I had coffee with a friend and found myself tongue-tied. I could hear my daughter chiding me, as she often does: “say something!”
“I'm listening,” I usually reply. I'm a good listener.
The thing is, speaking up is what drove me mad. After holding my thoughts in for years, decades, I ventured into the land of blogging and started writing – which for me, was a way to express my own truth, in my own voice, and it was like a floodgate had opened. A silent voice suddenly piped up, and the truth was harsh. My critical eye landed on everyone and burned them to the ground.

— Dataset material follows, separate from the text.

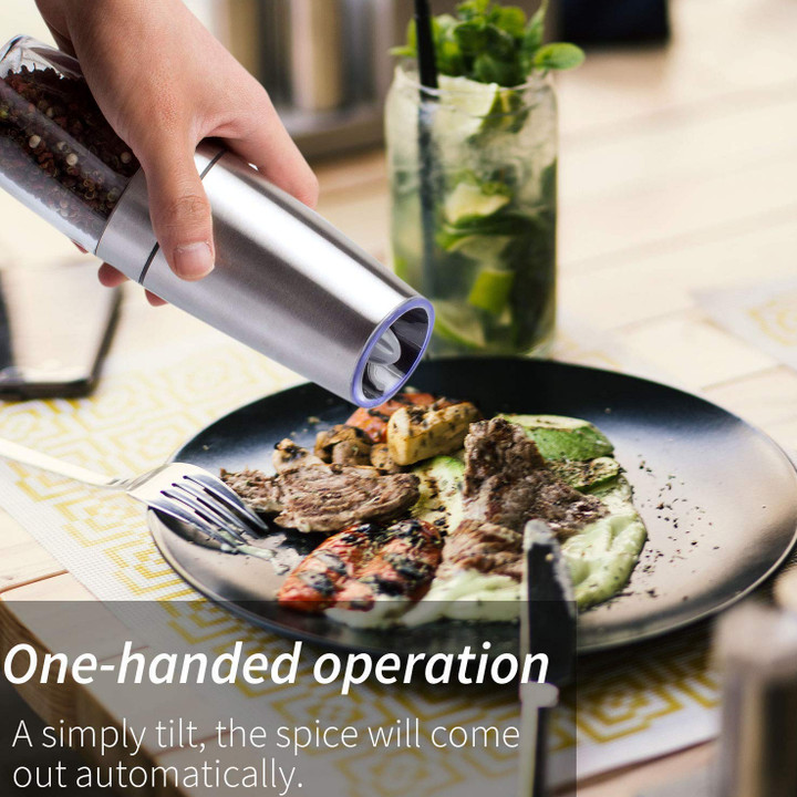 Máy xay hạt tiêu và gia vị cầm tay GB-5089 - Thiết kế đặc biệt của trọng lực được kích hoạt và tự động bật khi bạn nghiêng nó để gia vị thức ăn của
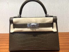 愛馬仕包包 迷妳凱莉包2代 Hermes Minikelly二代 7T電光藍 22cm 原廠禦用霧面方块鱷魚皮 手提包,晚宴包 銀扣 全手工蜜蠟線縫制

No, be honest now. What really happened was that I turned that critical eye onto myself, and down I went in a burst of flames. I surrendered to my anger and my hurt, to self-hatred and despair. I was mad with rage. Literally.
Going mad was like lancing a boil. It caused lots of pain for everyone. It was disruptive, and messy and difficult. In the aftermath I couldn't work for months, and for all practical purposes I became an absent parent. My family picked up the pieces for me: my mum and sister travelled from the US, my ex-husband stepped in to help. Somehow, we got through it all. But it scarred.
Madness doesn't happen in isolation. It isn't some fluke that just appears out of nowhere. Madness is embedded in context, and the mad experience carries with it all the information and emotion that one wades through in one's life. Shit gets real.
I suppose that is ultimately why I still have trouble speaking. I sometimes think I may start screaming. Or crying. Or laughing hysterically. The world demands that we stay composed, say interesting things, maintain the facade. Be smart, be funny, be beautiful. Keep up! It's really, REALLY hard to be real out there, without being mad.
Unlearning to Not Speak
by Marge Piercy
Blizzards of paper
in slow motion
sift through her.
In nightmares she suddenly recalls
a class she signed up for
but forgot to attend.
Now it is too late.
Now it is time for finals:
losers will be shot.
Phrases of men who lectured her
drift and rustle in piles:
Why don't you speak up?
Why are you shouting?
You have the wrong answer,
wrong line, wrong face.
They tell her she is womb-man,
babymachine, mirror image, toy,
earth mother and penis-poor,
a dish of synthetic strawberry icecream
She grunts to a halt.
She must learn again to speak
starting with I
starting with We
starting as the infant does
with her own true hunger
and pleasure
and rage.
(Photo by Volodymyr Hryshchenko on Unsplash)
Wow Julia I love this piece you have written. I have my own long history of not speaking and my history greets your history and is grateful for its voice. (And I didn’t know you were on substack so have now subscribed). Ps I rarely comment online but feel a in your words an opening in this moment to respond. So thank you.